Being a leader in one's own community often involves a hint of creativity; sometimes more than just a hint. It takes creative thinking to be able to come up with solutions to the problems the people around you are confronting. And what better way to develop creativity than though playing. That is way developing creativity in children that aspire to become leaders can be a rewarding investment.
On the other hand, playing is essential for all children, whether they will become leaders or not. Having this in mind, our focus turned for the summer time towards providing playful and educational activities for the children living in isolated rural communities. At least once a week the team traveled to these remote villages to spend time together with the children that are in vacation. For several hours, we played together but we also tested their vigilance, creativity, fast thinking and ability to solve problems with various games and tasks.
It doesn’t take much for a child that has little access to these kinds of activities to become attached to the people that bring them. Thus, very time coming back we met an increasing number of children, some of them eager to test their skills, other just wanting to do something out of the routine. This, in turn allowed us to get to know them better and to understand better the reality they are living in and the goals and aspirations of many of them.
What was encouraging for us was that parents would come to us and tell us of the raised spirits of their children coming back from a meeting with us, telling us about initiatives of the children to seek information regarding topics approached during our activities, or searching for challenges to propose on our future meetings. For us, this shows a satisfying impact of our work, and it consists a great motivation to continue our games of summer.

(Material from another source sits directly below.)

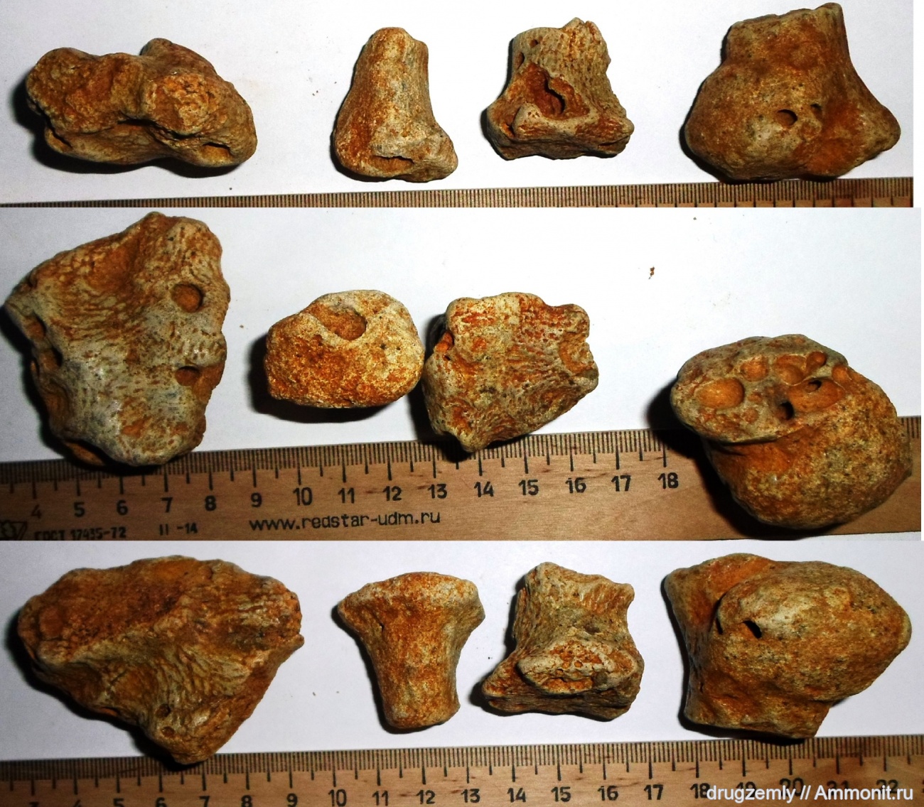 Переотложенные и окатанные меловые (?кампан-маастрихтские) губки Rhizopoterion. | ||||||
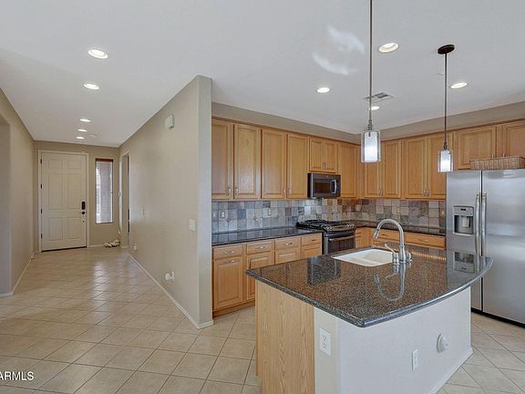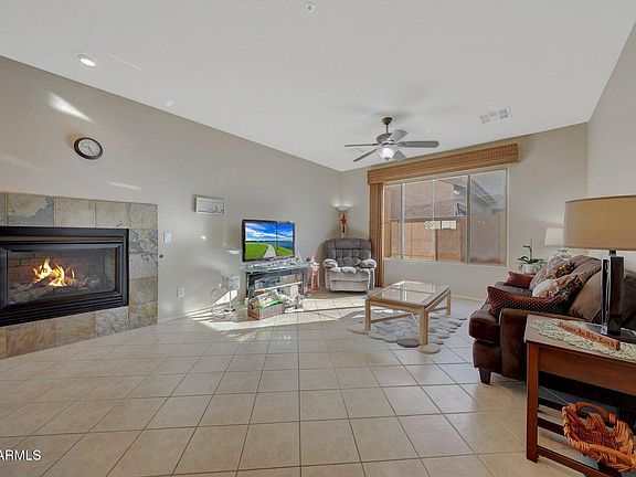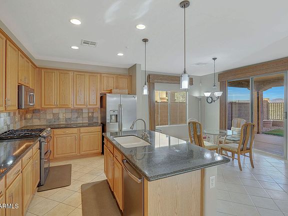 Situated in the scenic, gated community of Sonoran Mountain Ranch, this home is a beautifully maintained 3-bedroom, 2-bath. The sought-after split master floor plan offers an effortless flow, highlighted by a cozy fireplace ideal for both relaxing and entertaining. The kitchen is a chef's delight, featuring recent upgrades and stainless steel appliances all complemented by breathtaking mountain views. The master suite boasts serene desert views, a spacious walk-in closet, and a spa-like bath with dual sinks and an upgraded tiled walk-in shower. Step outside to a fully landscaped backyard where stunning Sonoran Desert vistas await. Enjoy access to a beautiful community pool and spa.

Change in the rural communities happens slow and is prone to be quickly dismissed or forgotten. When aiming to change attitudes, one is looking ahead to a long process in which one needs to involve as many stakeholders as possible to make it sustainable.

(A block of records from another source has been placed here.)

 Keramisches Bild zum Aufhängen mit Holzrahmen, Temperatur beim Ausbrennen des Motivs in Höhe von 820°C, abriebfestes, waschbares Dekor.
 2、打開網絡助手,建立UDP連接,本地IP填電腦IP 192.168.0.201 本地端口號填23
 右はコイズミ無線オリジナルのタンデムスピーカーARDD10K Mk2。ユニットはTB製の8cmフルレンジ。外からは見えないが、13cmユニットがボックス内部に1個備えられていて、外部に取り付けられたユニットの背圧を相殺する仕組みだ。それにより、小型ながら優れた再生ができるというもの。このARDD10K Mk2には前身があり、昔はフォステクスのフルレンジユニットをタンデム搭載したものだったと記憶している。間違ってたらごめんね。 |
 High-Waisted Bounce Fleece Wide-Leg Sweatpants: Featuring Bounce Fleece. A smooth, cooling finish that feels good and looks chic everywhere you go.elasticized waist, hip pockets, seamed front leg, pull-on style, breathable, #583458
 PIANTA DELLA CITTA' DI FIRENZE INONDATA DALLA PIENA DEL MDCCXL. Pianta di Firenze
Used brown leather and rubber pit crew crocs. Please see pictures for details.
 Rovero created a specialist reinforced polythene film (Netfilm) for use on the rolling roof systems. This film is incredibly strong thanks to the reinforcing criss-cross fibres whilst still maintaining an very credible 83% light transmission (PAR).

In order to ensure the viability of our actions we dedicated an appreciable amount of time to actually present our initiative to the authorities in charge in the rural communities – mayor’s offices, school principals, teachers, parents etc. This action created for us the premises of success in our initiative, as the participants to these meetings understand the importance of such an initiative and also its potential mid and long term effects.
Eventually, after the discussions we had, we decided to stick to three rural communities. They present a higher degree of isolation, which translates to a low level of secondary education amongst the teenagers living there, low access to activities outside school, low access to information and services, and the list can go on. All these lead to limited perspective for the children that grow up in these villages and contribute to create and maintain a vicious circle of poverty and low education.
Once these communities are set, the following period we will continue to do activities in the schools there and with the help of the teachers we will select the children that will make the following groups to work on becoming the leaders of tomorrow.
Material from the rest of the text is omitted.